Why this particular painting? If simply looking at it does not answer your question, then focus on the unique and glorious personalities that each individual has. I can stare at these men for hours and continue to see something new. In this frozen moment, I feel as if I can know everything there is to know about each man. To me, that is the hand of a powerful storyteller and artist. The scene is beautifully composed with figures overlapping, bunching, looking into and out of the frame. I LOVE the foremost man reclining on the barrel looking into the frame with you. He looks on with you. He is your companion in viewing this scene. If you know my work, you know that I like detail, accessories, and stuff. I love STUFF in my work, and with Reply of the Zaporozhian Cossacks, each man has his gear, his weapons, his personal belongings, and the painting is full of them. Even with all of the stuff, and figures, and background, and tents, and smoke, and everything (I feel at least) you can still flow through the image, seeing the faces, and finally focus on the scribe writing the letter.
I will be honest; I did not know the story behind this painting for a very long time. That said, I don't feel that I was missing much. There is so much storytelling happening within this painting that the historical context can be an afterthought. When I look at these battle-hardened warriors, they are crafting a letter with great delight that will undoubtedly be received by the recipient, and this recipient will be none too happy about it. You are welcome to read more about this painting and where its place in history. It is indeed an eye-opener and shows how well Repin visually conveyed the narrative.

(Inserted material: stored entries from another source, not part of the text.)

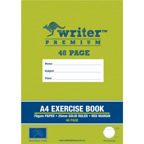 Writer Premium Exercise Books feature heavy duty covers, high quality white 70gsm paper. Teachers reference Umbrella.
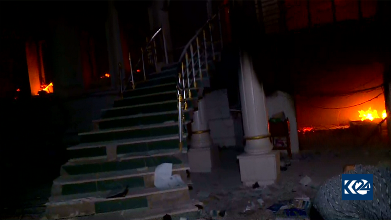 شبکه کردستان24، تصاویر ساختمان کنسولگری ایران در حال سوختن را منتشر کرد.
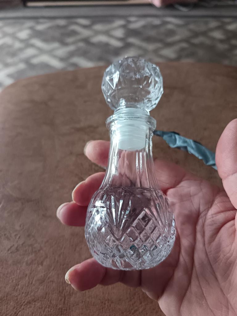 Eine kleine, hübsche Flasche, der Korken sitzt fest, aber wenn man sie umdreht, läuft sie etwas aus
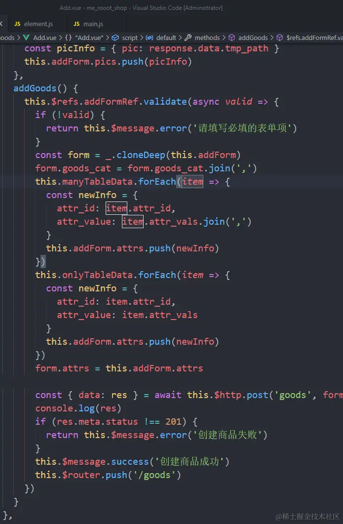 执行过程和思路:1.点击按钮,进行整个表单的验证,如果没有填写则提示用户-->2.填写都正确后,要记性对象深拷贝【因为某对象已经被使用了,再次复用时,会改变数据类型,就是将原本数据再原封不动的复制一份】,lodash深拷贝一份对应对象数据,再对存取分类id数组进行字符串的格式化,存储到原数组中;循环商品参数和商品属性数组,将对应id和值存取到对应变量中,后期请求数据要使用到,将被拷贝的数据复制到深拷贝的对象中-->3.开始发送添加商品请求,如果没有添加成功,则提示用户,添加成功则提示用户添加成功,并进行路由跳转,跳回到商品列表页,商品列表页会自动刷新页面数据
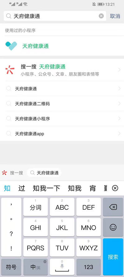 3、搜索到天府健康通后,我们点击进入到小程序中;
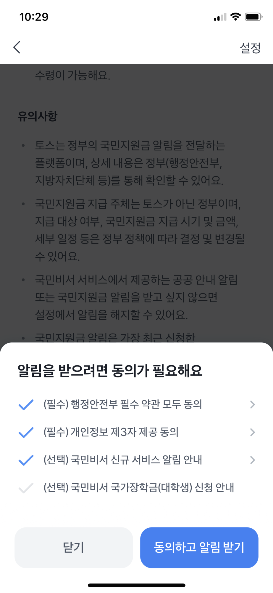 내용을 확인한 후에 알림 동의 버튼을 눌러야 신청이 완료된다.
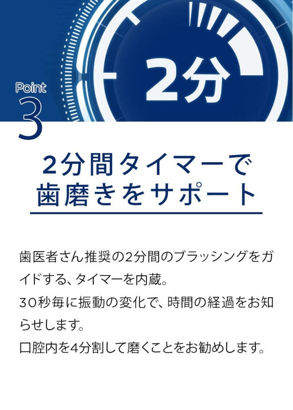ハンドルに内蔵されたタイマーが、次のブラッシング箇所に移るタイミングを30秒毎にお知らせ。
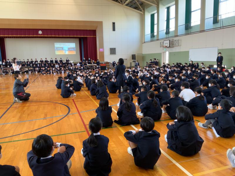 体育館には市音楽会を経験した5、6年生と来年経験する3年生が集まりました。
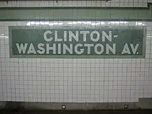 Both platforms have a light green trim line with a dark green border and mosaic name tablets reading "CLINTON - WASHINGTON AV." on two lines in white sans-serif lettering on a dark green background and a lighter green border. Beneath the trim line and name tablets are small tile directional signs and station names (alternating between "CLINTON" and "WASHINGTON") in white lettering on a black background. The tiles were part of a color-coded tile system used throughout the IND.[7] The tile colors were designed to facilitate navigation for travelers going away from Lower Manhattan. Because the Crosstown Line does not merge into a line that enters Manhattan at either end, all stations on the line had green tiles.[8][9] Hunter green (previously yellow) I-beam columns run along both platforms at regular intervals, alternating ones having the standard black station name plate in white lettering.
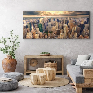 Cuadro sobre lienzo - Impresión de Imagen - Panorama de la ciudad con vistas a los rascacielos al atardecer - 70x50cm - Metrópolis dorada - Decoración de pared moderna para salón y dormitorio ARTTOR
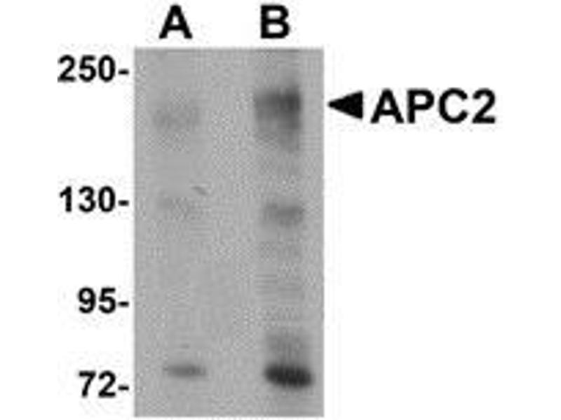 ELISA. Western Blot: APC2 antibody can be used for detection of APC2 at 1 - 2 μg/mL. Other applications not tested. Optimal dilutions are dependent on conditions and should be determined by the user.
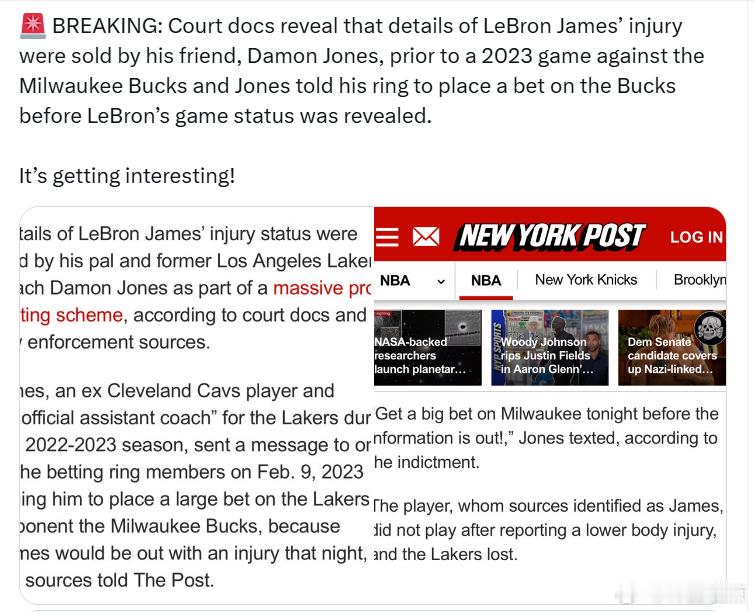 法庭文件显示,在2023年勒布朗·詹姆斯对阵密尔沃基雄鹿的比赛前,他的朋友达蒙·琼斯泄露了詹姆斯的伤情细节,并告诉他的朋友圈在詹姆斯比赛状态公布前押注雄鹿队。
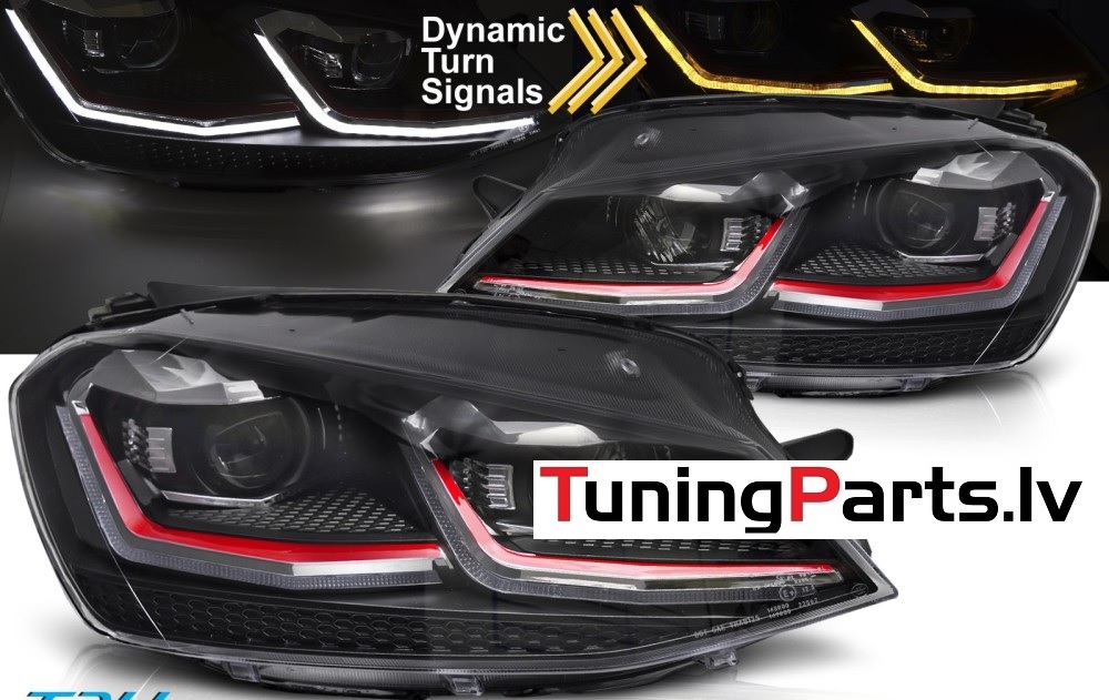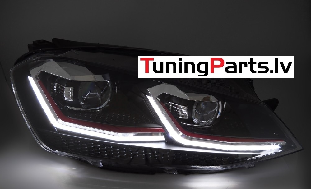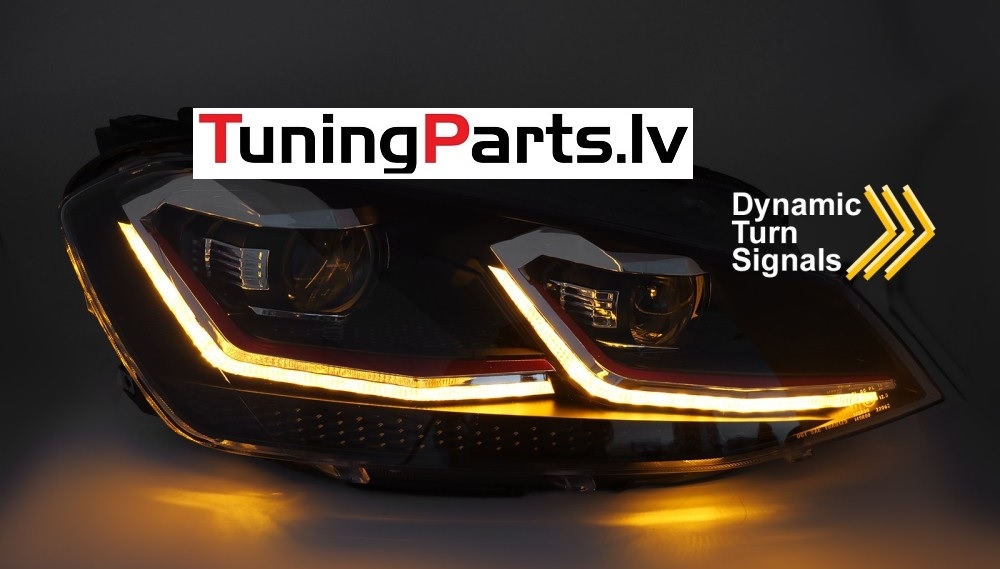 VW Golf 7 (13-17) priekšējie lukturi LED DRL, dinamiskie pagriezieni, melni, sarkanas līnijas
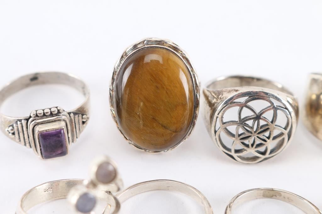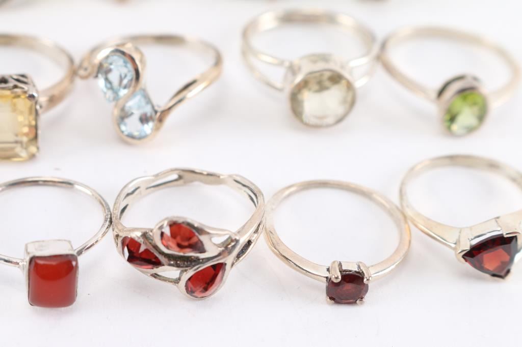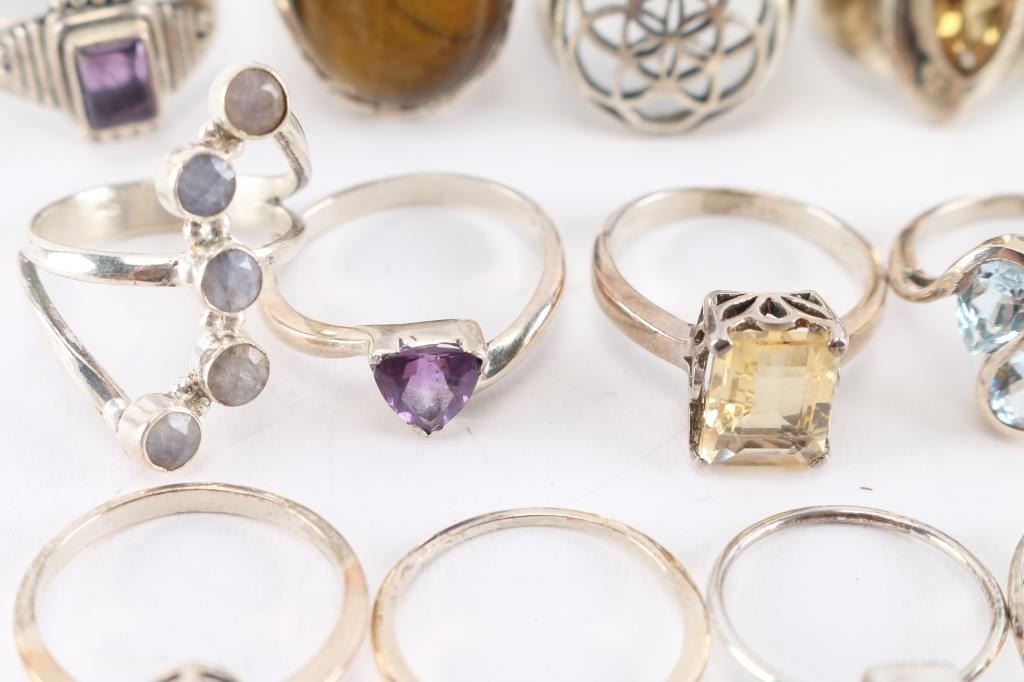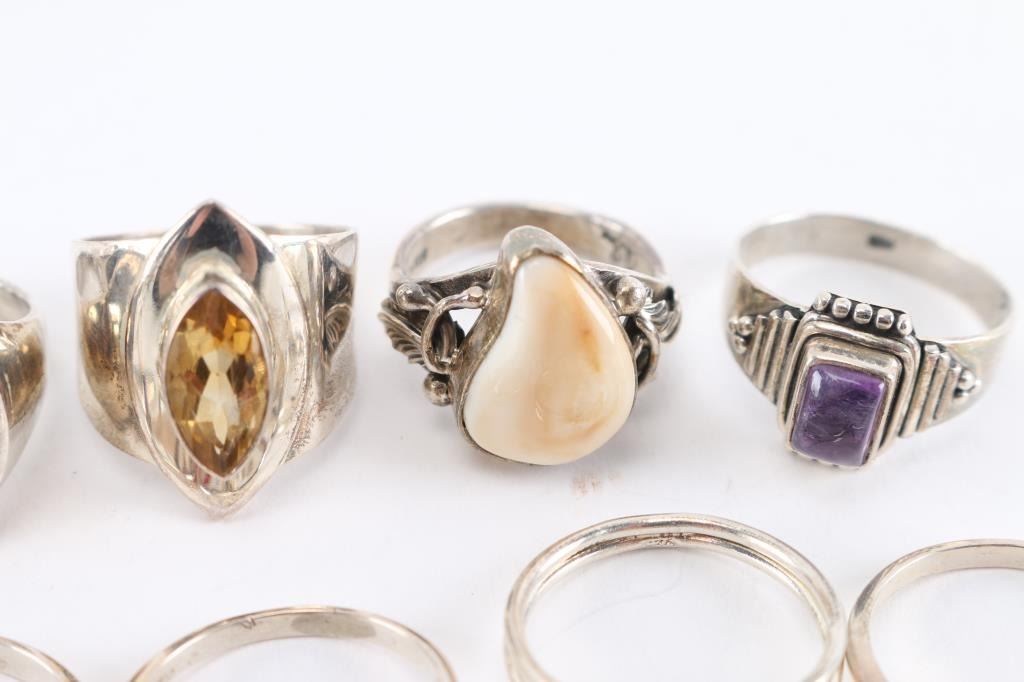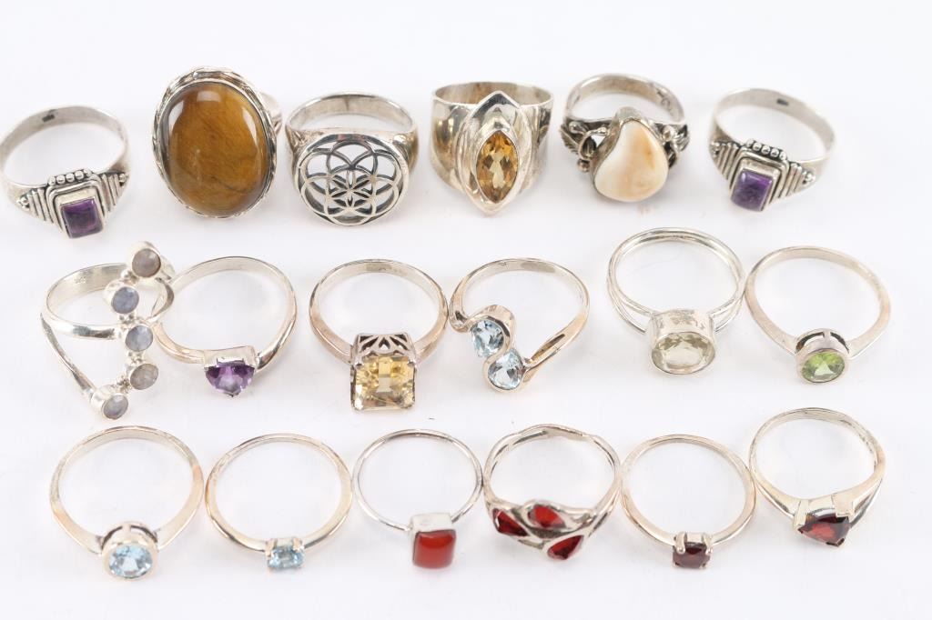 Approximately 18, mostly sterling silver, most have gemstone in setting. Various sizes.
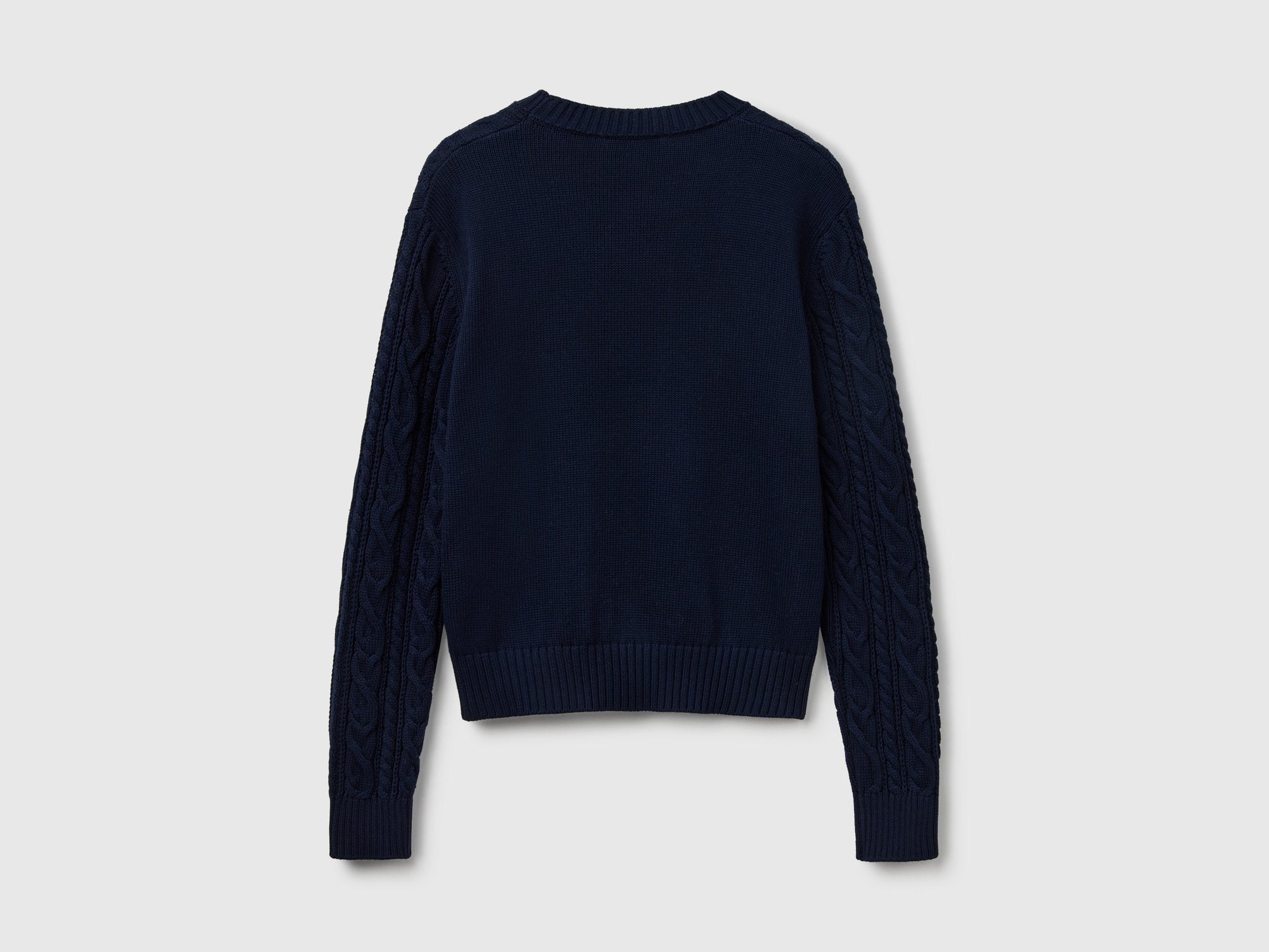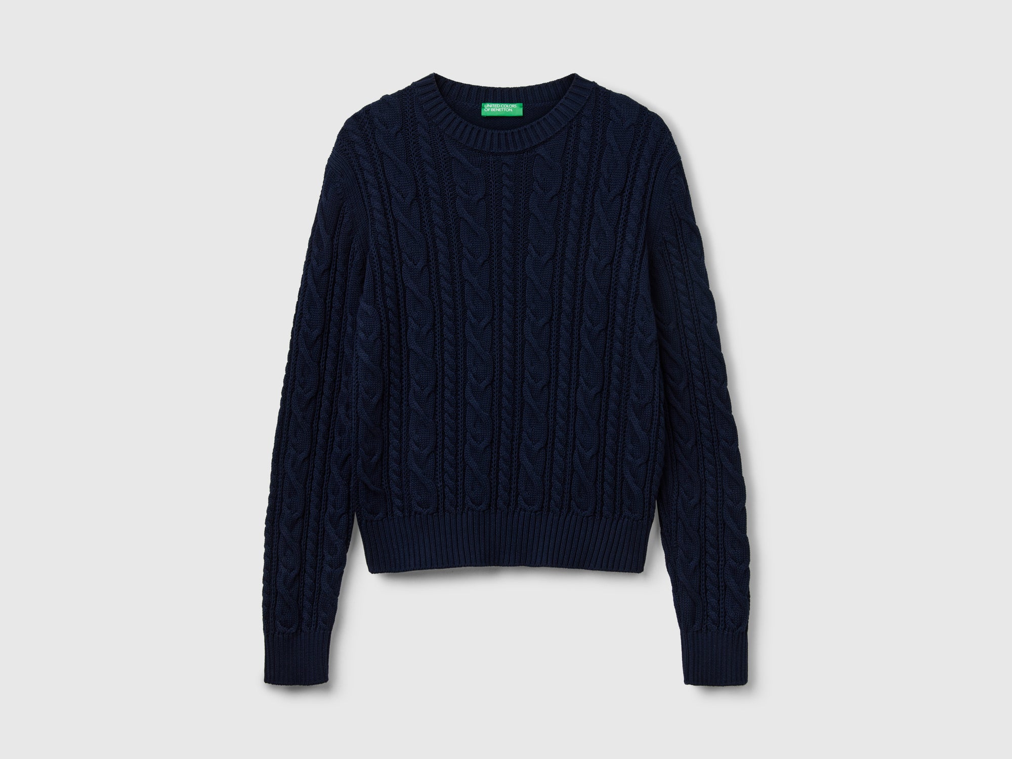 Maglioncino girocollo in puro cotone, con lavorazione a trecce verticali sul davanti e lungo le maniche. Un nuovo classico del guardaroba casual, per accendere anche i look più semplici.
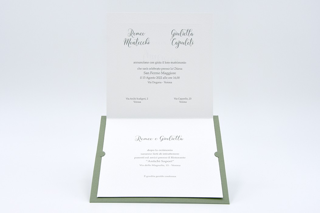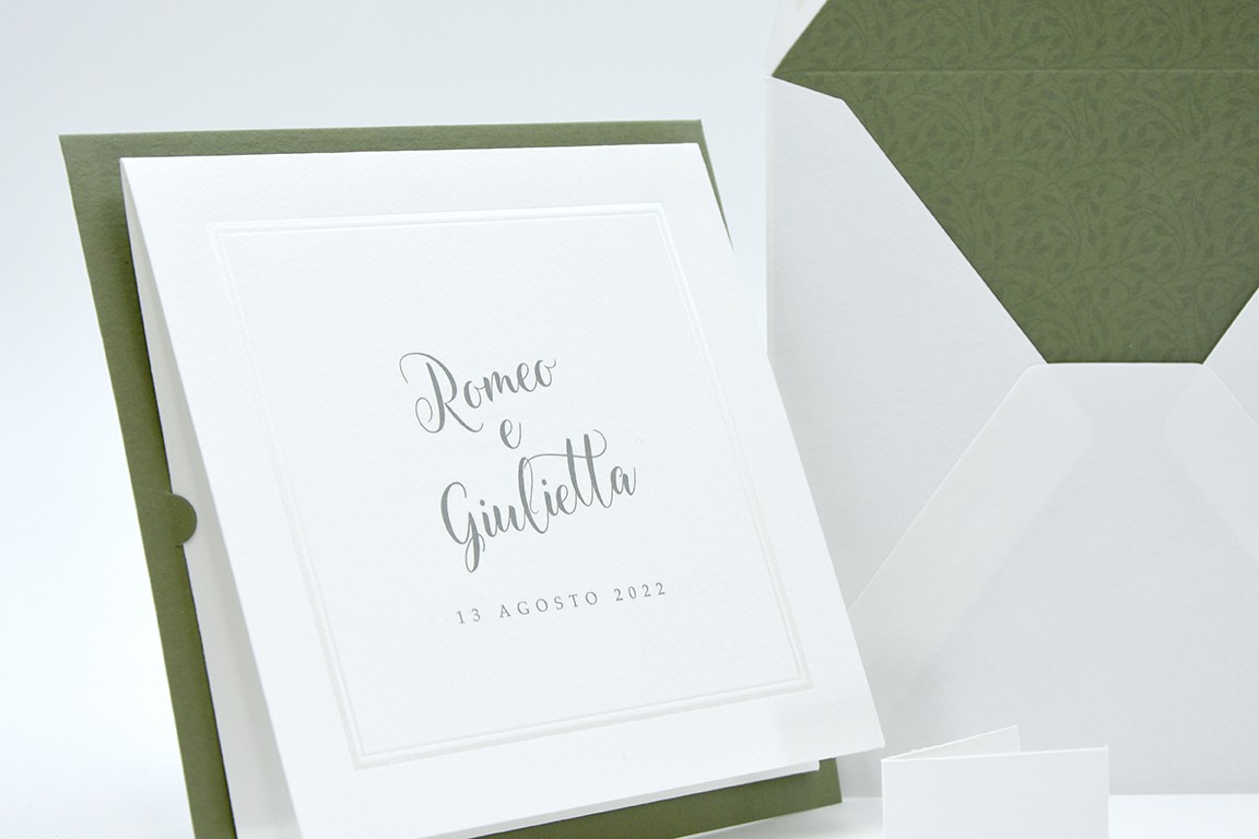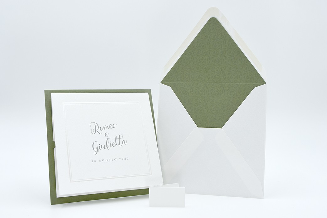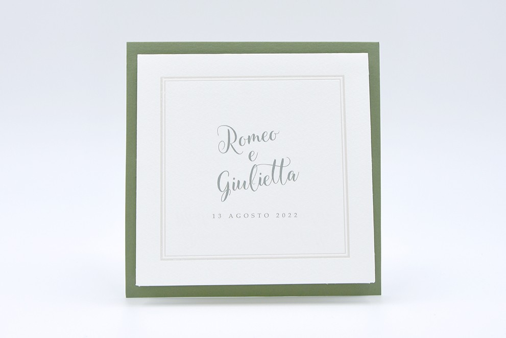 Formato aperto: 300 x 150 mm- Formato chiuso: 150 x 150 mm- Carta bianca 200 gr /mq (interno) - Carta verde 300 gr /mq (esterno) - Lamina a caldo perlata - Busta, interno busta, e biglietto bomboniera inclusi nel prezzo.

Until I was doing some research in preparation for writing this post, I was utterly oblivious that Repin began a second, more historically accurate, version of this painting while working on the original. It remains unfinished, but it shines a light on his process and what these men possibly actually looked like. That said, the original remains the only version to me. There are some improvements with the expressions of some of the figures, but I feel that many of the stars of the original have been lost. For me, most notably, the reclining man on the barrel in the foreground. The composition is a bit stronger in the second version, and the scribe definitely is more of a focal point. While unfinished, it is not fair to compare the two. If anything, they can be seen as two different photographs taken of the same event.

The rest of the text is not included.